[What is required]
Output the listing word for word, minus pictures.

[Supplied data]
━━━━━━━━━━
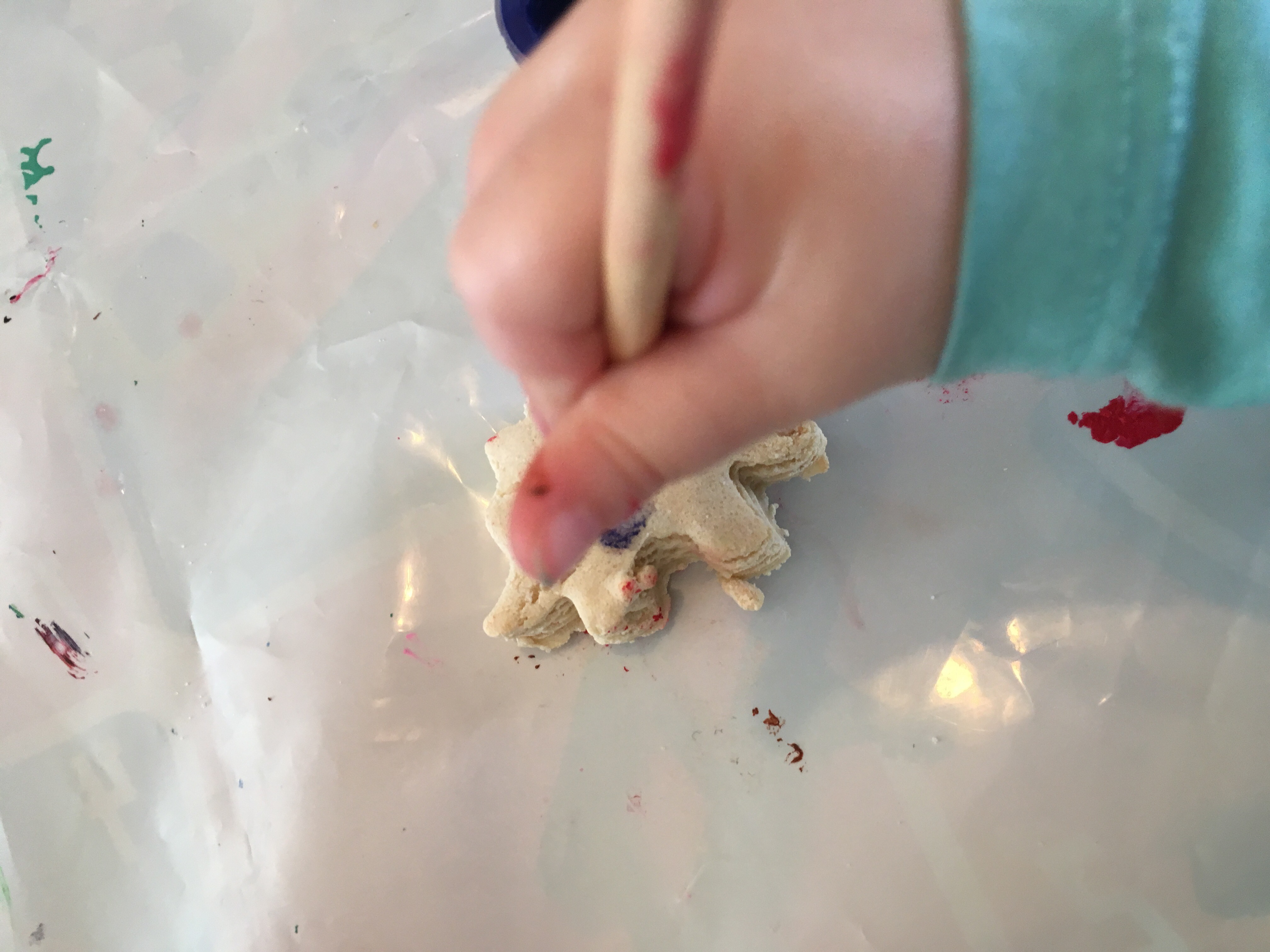 👉What do you do? Instructions can be found here; but you basically mix the ingredients, roll out and cut with the cutters and then put them in the oven, once hard and cool…paint!
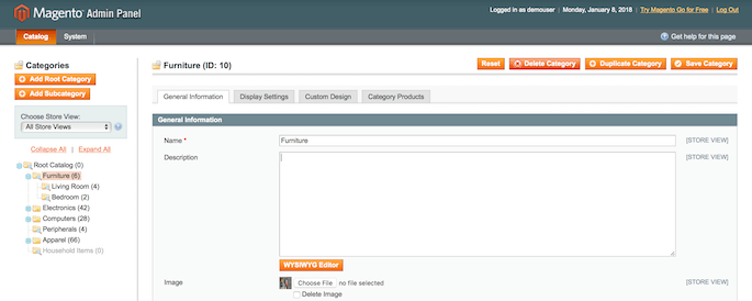 The module allows you to duplicate categories using the default Magento interface. Navigate to Catalog → Manage Categories. Then, select on of the existing categories and the Duplicate category button will appear.
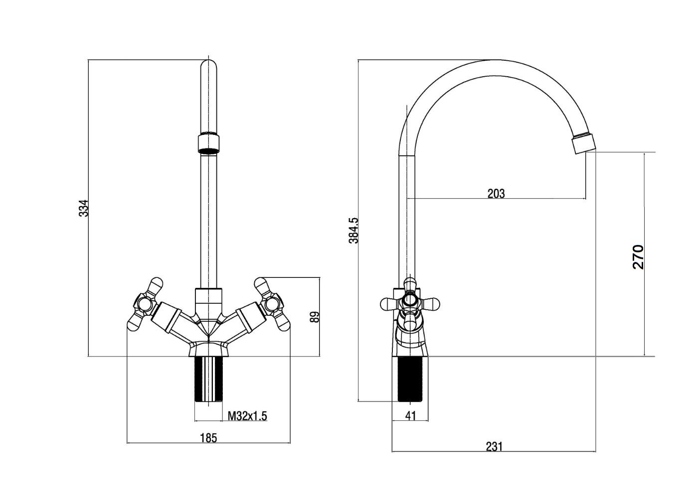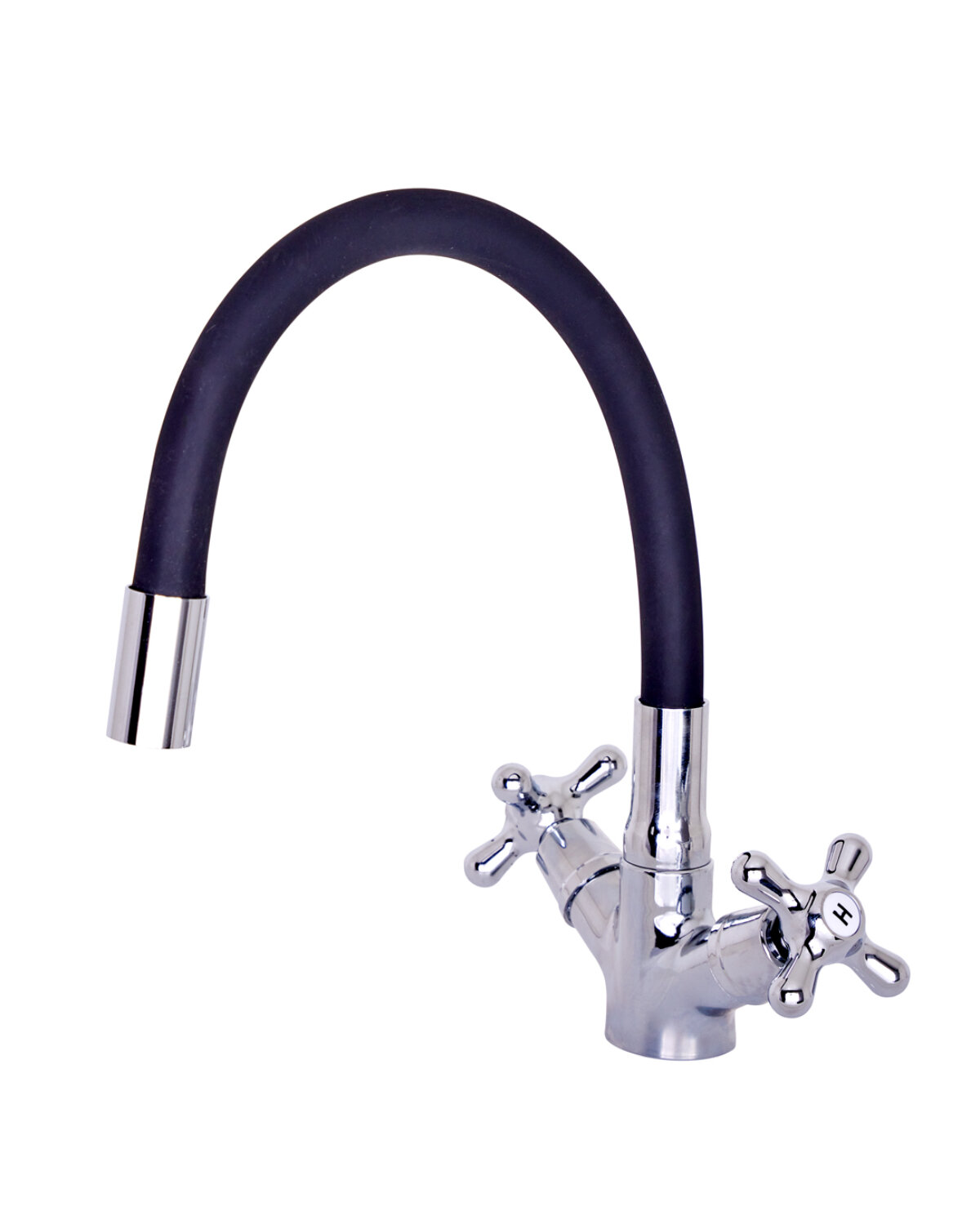 Смеситель для кухни двухвентильный OneLife P03-007cr, хром, черный
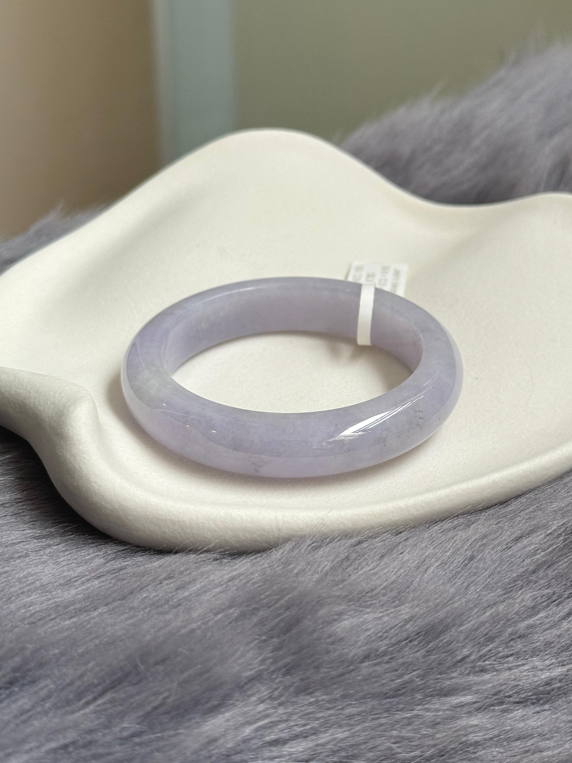 This piece features a soft, delicate lavender hue with fine grains and subtle Wuji specks, adding character to its natural beauty. It remains translucent in sunlight, with a gentle lavender glow that is slightly more pronounced indoors. A unique piece with a graceful, understated charm. It is free from lines, veins, or cracks.
━━━━━━━━━━
[Output of the exercise]
 👉What do you do? Instructions can be found here; but you basically mix the ingredients, roll out and cut with the cutters and then put them in the oven, once hard and cool…paint!
 The module allows you to duplicate categories using the default Magento interface. Navigate to Catalog → Manage Categories. Then, select on of the existing categories and the Duplicate category button will appear.
 Смеситель для кухни двухвентильный OneLife P03-007cr, хром, черный
 This piece features a soft, delicate lavender hue with fine grains and subtle Wuji specks, adding character to its natural beauty. It remains translucent in sunlight, with a gentle lavender glow that is slightly more pronounced indoors. A unique piece with a graceful, understated charm. It is free from lines, veins, or cracks.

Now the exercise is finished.